- Date: December 31, 1982
- Season: 1982
- Stadium: Astrodome
- Location: Houston, Texas
- MVP: Gary Anderson, RB, Arkansas Dwayne Dixon, WR, Florida
- Attendance: 31,557

United States TV coverage
- Network: ESPN
- Announcers: Fred White and Paul Maguire

= 1982 Astro-Bluebonnet Bowl =

The 1982 Astro-Bluebonnet Bowl was held on December 31, 1982 at the Astrodome in Houston, Texas. The #14 Arkansas Razorbacks defeated the Florida Gators by a score of 28–24.

Arkansas opened the scoring in the first quarter after running back Gary Anderson found the end zone from 16 yards out. The PAT was good and the Razorbacks led 7–0. The Gators responded, though, scoring 17 unanswered points (a 3-yard pass, a 34-yard field goal, and a 13-yard pass) to end the first quarter 7–7 and go into halftime up 17–7. The first points of the third quarter came from Arkansas, who scored on a 1-yard run from Anderson to make it a 17–14 game. Florida responded again, this time a 17-yard pass, to retake their ten-point lead and enter the fourth quarter up 24–14. Arkansas's defense pitched a shutout in the fourth quarter, while the Razorback offense found the end zone twice.
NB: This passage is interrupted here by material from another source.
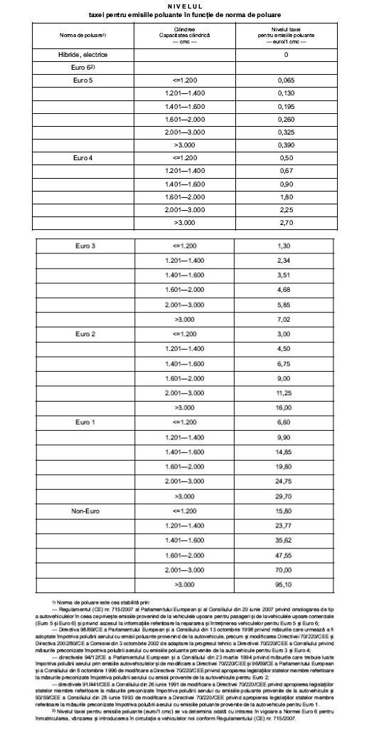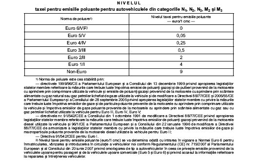 norme de poluare Euro 3, Euro 4, Euro 5 sau Euro 6, taxa se calculeaza dupa formula:

Arkansas' first fourth quarter score came on a touchdown pass to make it 24-21, and the second came on a quarterback sneak from the one yard line. The game finished 28–24 in favor of Arkansas.

Throughout the game, Arkansas recorded five more first downs, 185 more rushing yards, 73 more total yards, and one less penalty. However, Florida recorded 112 more passing yards.